In Investor Capitalism, Michael Useem (1996) argues that institutional investors such as fund managers can now exercise tremendous power on board structures in theUnited States. The situation is very different in Taiwan. The total holding of institutional investors only accounts for about 4 per cent of total stock market capitalization, and typical trading volume is only around 8 per cent to 10 per cent of the total trading volume.[4] In other words, most stock holdings and trading are held and exercised in the hands of individual investors in Taiwan. Firms and their boards, therefore, are more likely to be under family or individual control in such situations. Through complicated arrangements, such as cross share-holding, the controlling family can effectively command many resources from the company and other related businesses.

To protect minority shareholders’ interests, public firms are required to have independent auditors who are to perform tasks similar to that of an auditing committee in a U.S. public company’s board of directors. Auditors have to be shareholders of the company and cannot exercise voting power on the board. Auditors, however, represent shareholders in supervising corporate financial operations. They have the right to investigate any financially related corporate matters. However, many auditors are relatives of directors, and it is very unlikely that auditors perform their required functions independently.However, the common practice in Taiwan is for auditors to be equated with directors; therefore, in this paper we do the same.

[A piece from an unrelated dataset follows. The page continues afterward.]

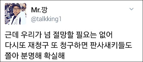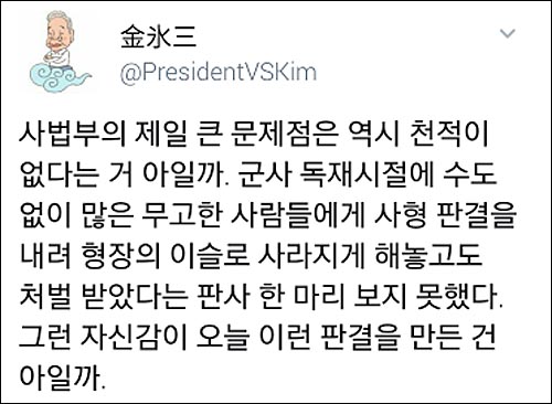 아울러 그는 “사법부의 제일 큰 문제점은 역시 천적이 없다는 거 아일까”라며 “군사 독재시절에 수도 없이 많은 무고한 사람들에게 사형 판결을 내려 형장의 이슬로 사라지게 해놓고도 처벌 받았다는 판사 한 마리 보지 못했다”고 ‘반성 없는 사법부’의 역사를 끄집어냈다.

A board needs to have at least 3 directors and 1 auditor who are elected by the shareholders in a general meeting. As indicated earlier, directors have to be stockowners and they are required to be reelected every three years. The size of boards varies from 4 (required minimum of 3 directors and 1 auditor) to more than 20 directors. Most of the companies have about 6 to 10 directors. Usually, the controlling family uses complicated tactics to control every seat of the board often by proxy. When the controlling family invites institutional investors to invest in the family business, some seats of the board might be yielded to institutional investors. Sometimes, the controlling family does not have enough votes and loses some seats to individual investors. Occasionally, the controlling family might even lose control of their firm. This process may be construed as being a form of merge and acquisition (M/A) Taiwanese style. M/A are not strategic competitions between firms, but more likely to be competitions between individuals or families.

Literature Review

There is much academic research that investigates Taiwanese businesses (Gereffi and Pan 1994; Hamilton and Biggart 1988). This is especially true following the increased vitality visible in Taiwanese businesses and Taiwan’s growing political and economic influence, which has sparked great interest among scholars. Literature on board structure and composition in Taiwan, however, is very limited. In the following, we focus on family businesses and boards in general. Since the IPO is an institutional process, this research employs perspectives from institutionalism to study the evolution of governance structures. Literature on institutionalism, therefore, is also reviewed.

a) Family Businesses

Family businesses are the predominant form of enterprise around the world (Gersick et al. 1997). In overseas Chinese businesses, the family form is also the most important and common form of organization, even among large public corporations (Redding 1993). Taiwan is not an exception. One would not be able to understand the actual operations of Taiwanese businesses without a discussion of family businesses. As is mentioned in the introduction, most Taiwanese companies are family businesses by the definition employed in this paper, regardless of their size and public or private status. Family businesses have advantages such as very fast decision making and action taking. However, some less positive characteristics of Taiwan’s family businesses are apparent: protection and favoritism among relatives, business succession based on kinship ties, a family-style way of conducting business, autocratic management, a confused organizational structure, and a non-systematic distribution of labor and specialization (Hwang 1988; Wong 1985; Negandhi 1973).